I myself use ChatGPT many times a day for things that occasionally befuddle me, for example my question: “How many minutes does an adult man have to walk in the evening to keep good health?”And ChatGPT’s answer: “An adult man should aim for 30 to 60 minutes of brisk walking in the evening to maintain good health. Walking at a pace that raises your heart rate but still allows conversation is ideal for cardiovascular health, weight management, and stress relief.” That comforted me because it confirmed what I had been doing based on my doctor’s recommendation was on the right track.
If I had asked a similar question to a search engine, it would have given me an unending set of links to websites, which I would then have to open, read, and absorb. Human-conversation mode, I guess, is one key reason we all run to ChatGPT and similar AI tools often.
Then there are questions I don’t even know who to ask, for example: “Please tell me why there are so many unoccupied high-rise buildings in Bombay?” ChatGPT’s answer: “Unoccupied high-rise buildings in Bombay result from high property prices, regulatory delays, unsold inventory, developer bankruptcies, and limited affordability for middle-class buyers amidst urban challenges.”
Such an answer helps me understand the basic underlying issues.

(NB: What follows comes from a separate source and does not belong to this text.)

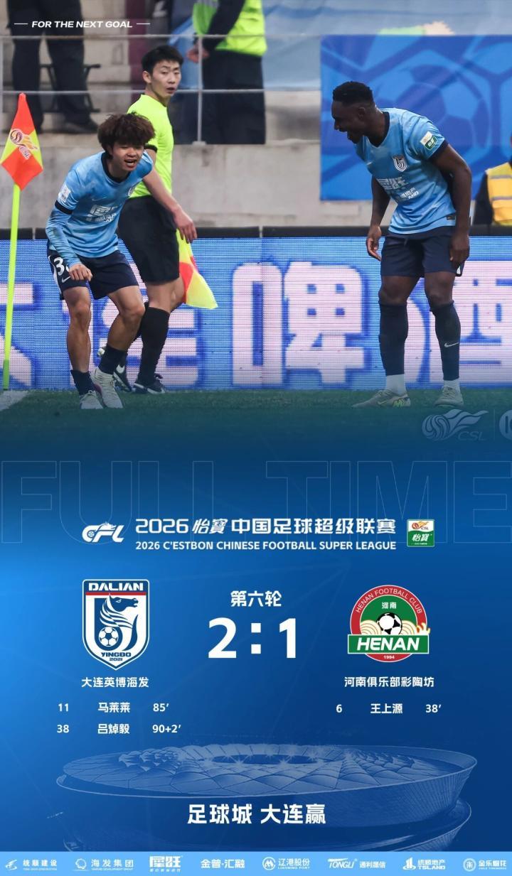 最终,凭借着马莱莱、吕焯毅的进球,大连英博海发队2-1战胜河南俱乐部彩陶坊队,迎来联赛四连胜!

Today, the worry the world over is that students, at school or college, can use ChatGPT or tools like that on their mobile phones to beat any type of exam questions, be they essays to be written, or multiple-choice questions, or computer programming puzzles posed. As a result of this, carrying mobile phones into exam rooms has been prohibited by law for practically all levels of exam in India, be it the exams of the Central Board of Secondary Education or IIM entrance tests.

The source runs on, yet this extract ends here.